Wy już jesteście czyści dzięki słowu, które wypowiedziałem do was. Trwajcie we
Mnie, a Ja w was trwać będę. Podobnie jak latorośl nie może przynosić owocu
sama z siebie, o ile nie trwa w winnym krzewie, tak samo i wy, jeżeli we Mnie
trwać nie będziecie. Ja jestem krzewem winnym, wy - latoroślami. Kto trwa we
Mnie, a Ja w nim, ten przynosi owoc obfity, ponieważ beze Mnie nic nie możecie
uczynić. Ten, kto we Mnie nie trwa, zostanie wyrzucony jak winna latorośl i
uschnie. I zbiera się ją, i wrzuca do ognia, i płonie. Jeżeli we Mnie trwać
będziecie, a słowa moje w was, poprosicie, o cokolwiek chcecie, a to wam się
spełni. Ojciec mój przez to dozna chwały, że owoc obfity przyniesiecie i
staniecie się moimi uczniami”.
"Trwajcie we Mnie, a Ja w was trwać będę. Podobnie jak
latorośl nie może przynosić owocu sama z siebie, o ile nie trwa w winnym
krzewie, tak samo i wy, jeżeli we Mnie trwać nie będziecie." Te słowa
Chrystusa o trwaniu w Nim, powinien każdy tak osobiście wziąć do siebie. Czerpać
siłę z Boga, spoglądać Jego oczyma, myśleć w Nim i z Nim, to najbardziej
zdumiewająca ścieżka po której kroczy chrześcijanin. Wszystko co się dzieje w
naszym życiu, jest dotknięciem obecności Boga, zapuszczeniem korzeni w osobowej
relacji z Tym, Który nas przecież zna, jestem kimś dla Boga bliskim, takie
poczucie rodzi owocowanie, a wiec rodzenie i nieustanne obdarowanie w Nim. To
zdolność do miłości, kochania, przemiany i pokonywania tego wszystkiego,
co może być smutkiem, lekiem lub przychodzącą nagle śmiercią.

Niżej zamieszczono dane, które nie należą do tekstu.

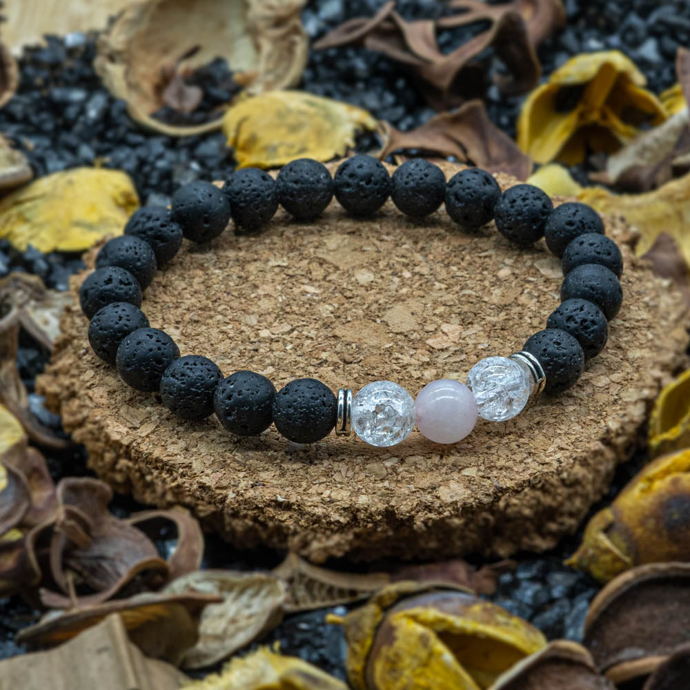 Brățară cu piatră de lavă 2 cristale de stâncă crăpate și 1 cuarț trandafir în mijloc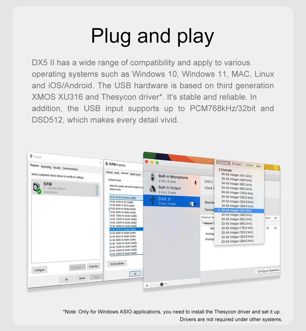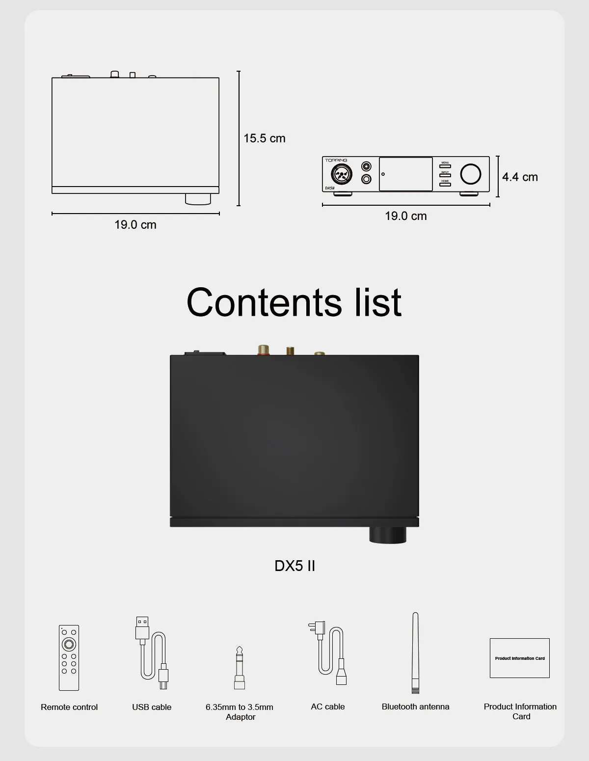 Compatible with Windows 10/11, macOS, Linux, iOS, and Android, the DX5 II features a third-gen XMOS XU316 USB interface with Thesycon drivers for stable and high-performance operation. USB input supports up to PCM 768kHz/32bit and DSD512, ensuring every detail is captured in your digital library.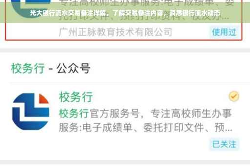 随着互联网技术的不断发展,银行业务逐渐走向数字化、智能化,作为客户,我们越来越关注银行交易的安全与便捷,光大银行作为国内领先的金融机构之一,其流水交易备受关注,本文将详细介绍光大银行的流水交易备注功能,帮助广大客户更好地了解和使用这一服务。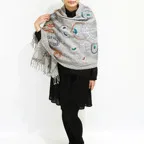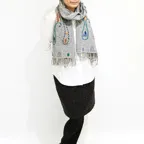 スタンダードな大判サイズで、首に巻くことはもちろん、室内でのひざ掛けにも、肩から羽織る使い方もできます。特に羽織りは、パッと華やかにエレガントな雰囲気に変わります。上半身を覆えるので、着ている服を気にせず合わせることができます。忙しい朝もコーディネートを気にする必要はありません。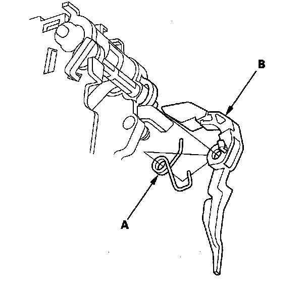 13. Install the shift lock release spring (A) in the shift lock release (B).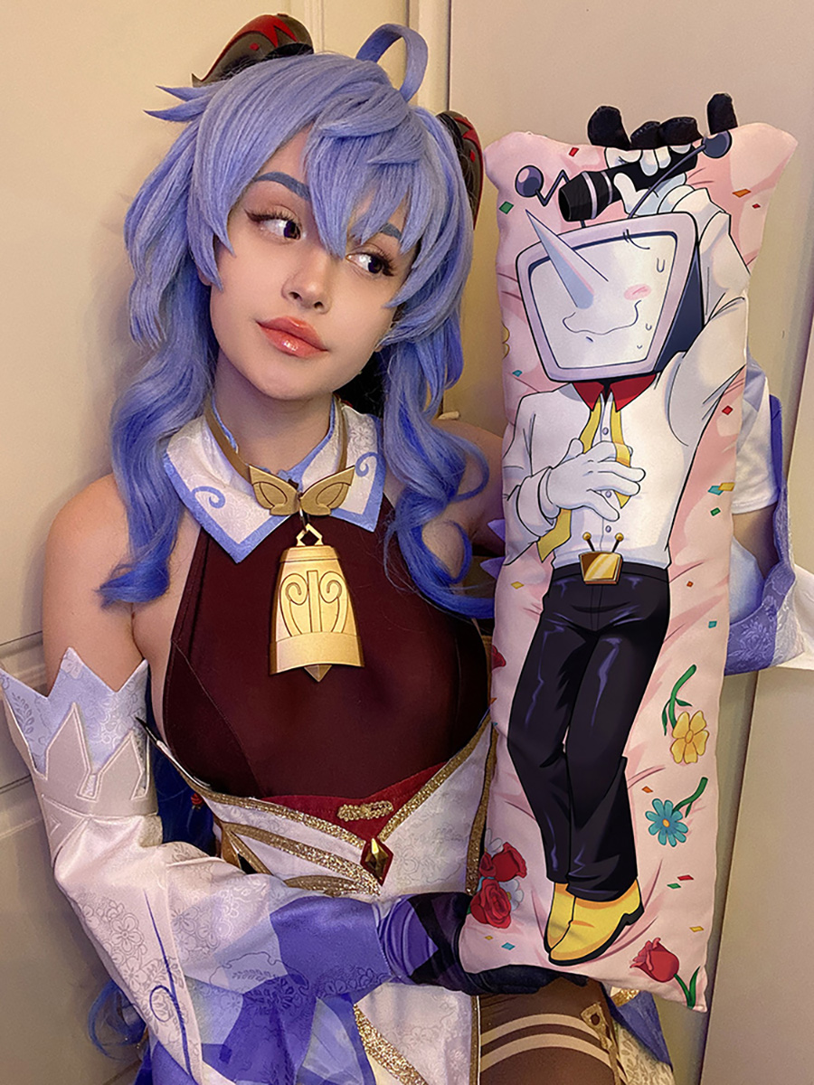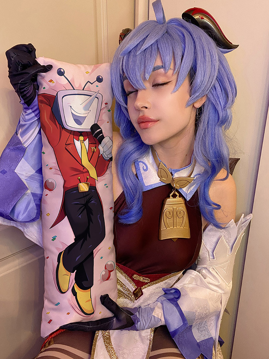 В мини дакимакуре не используется наперник, наполнитель сразу набивается в наволочку. Для изготовления наволочки мы используем высококачественный атлас плотностью 160 гр/м2. Это плотный и износостойкий материал, приятный на ощупь. Рисунок напечатанный на атласе получается яркий и насыщенный. В качестве наполнителя мы используем холлофайбер - гипоаллергенный материал, сочетающий мягкость и упругость.

"Fundamentalnym zadaniem chrześcijanina jest miłość. Chrześcijanin, który
nie jest zdolny do miłości, nie jest autentycznym chrześcijaninem. Warunkiem
pozostawania w miłości jest zachowanie przykazań Jezusa, tak jak Jezus
zachowywał przykazania Ojca." Kochać tylko tyle, albo aż tyle. W miłości
zawiera się pełnia naszego człowieczeństwa i naszego bycia w Bogu. Kochać to
znaczy budować pomosty pomiędzy brakiem nadziei a poczuciem sensu, kochać to
odkrywać miłość która leczy, podnosi i uzdrawia. Kochać to pozwolić się oddać
całkowicie Bogu, nawet jeśli będą strugami i wąwozami płynęły łzy z pytaniem
dlaczego ? "Dla chrześcijanina najbardziej dramatyczna odpowiedź Boga
zawarta jest w mowie Krzyża." Na
Krzyżu życiodajnej latorośli miłość cierpiącego Boga, utożsamiła się z każdym
ludzkim cierpieniem, to jest źródłem duchowej siły i pewności która
przeprowadza ze stanu lęku ku nadziei. Jedno jest pewne, nawet najbardziej
pozornie czarny scenariusz naszego życia, może być źródłem wzrostu miłości
która wszystko jest wstanie pokonać. Naucz nas Panie każdego dnia spoglądać
Twoimi oczyma, abyśmy przez łzy cierpienia potrafił kochać tych, którzy już
kochać nie potrafią, i tą miłością starali się wypełniać świat Tobą.